The pictures in the listing below are to be skipped, while the lines between the line holding "Dieses botanische und" and the line holding "下午,市委宣传部理论处(市社", inclusive, are to be output exactly.
===== Exercise data
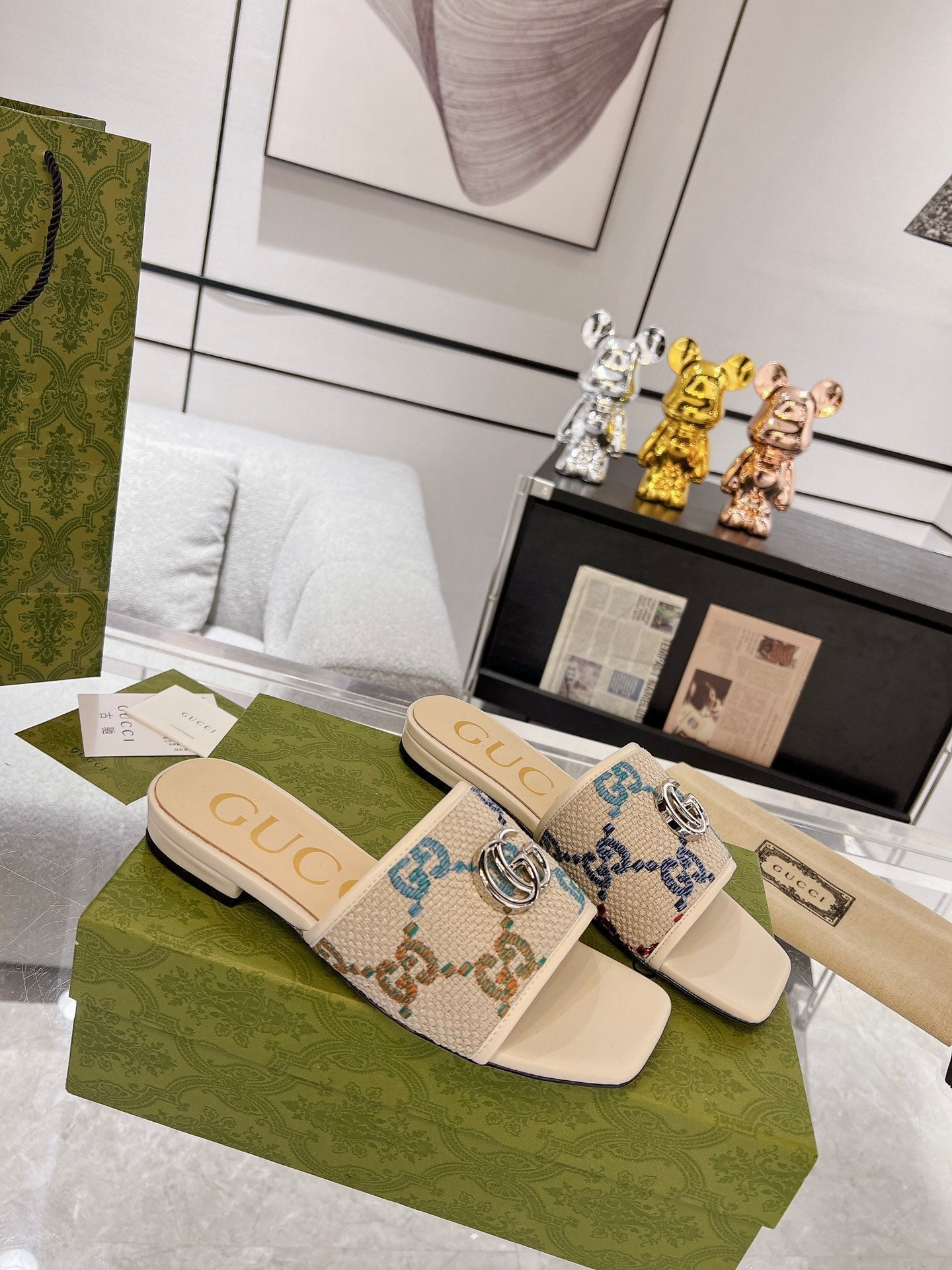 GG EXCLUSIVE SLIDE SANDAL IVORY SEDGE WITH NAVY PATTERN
==========
===== Exercise data
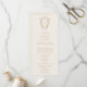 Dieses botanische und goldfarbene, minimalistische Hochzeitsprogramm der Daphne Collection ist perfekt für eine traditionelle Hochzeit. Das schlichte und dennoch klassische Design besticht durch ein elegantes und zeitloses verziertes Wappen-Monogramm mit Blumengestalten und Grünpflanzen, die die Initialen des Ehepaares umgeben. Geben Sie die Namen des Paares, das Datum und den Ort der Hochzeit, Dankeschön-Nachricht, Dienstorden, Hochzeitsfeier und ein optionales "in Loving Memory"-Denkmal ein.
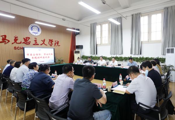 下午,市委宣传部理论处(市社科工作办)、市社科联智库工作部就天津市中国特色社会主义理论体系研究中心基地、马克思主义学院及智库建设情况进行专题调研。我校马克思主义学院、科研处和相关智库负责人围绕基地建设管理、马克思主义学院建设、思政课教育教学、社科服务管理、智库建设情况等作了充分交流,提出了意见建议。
==========
Answer for this exercise:
 Dieses botanische und goldfarbene, minimalistische Hochzeitsprogramm der Daphne Collection ist perfekt für eine traditionelle Hochzeit. Das schlichte und dennoch klassische Design besticht durch ein elegantes und zeitloses verziertes Wappen-Monogramm mit Blumengestalten und Grünpflanzen, die die Initialen des Ehepaares umgeben. Geben Sie die Namen des Paares, das Datum und den Ort der Hochzeit, Dankeschön-Nachricht, Dienstorden, Hochzeitsfeier und ein optionales "in Loving Memory"-Denkmal ein.
 下午,市委宣传部理论处(市社科工作办)、市社科联智库工作部就天津市中国特色社会主义理论体系研究中心基地、马克思主义学院及智库建设情况进行专题调研。我校马克思主义学院、科研处和相关智库负责人围绕基地建设管理、马克思主义学院建设、思政课教育教学、社科服务管理、智库建设情况等作了充分交流,提出了意见建议。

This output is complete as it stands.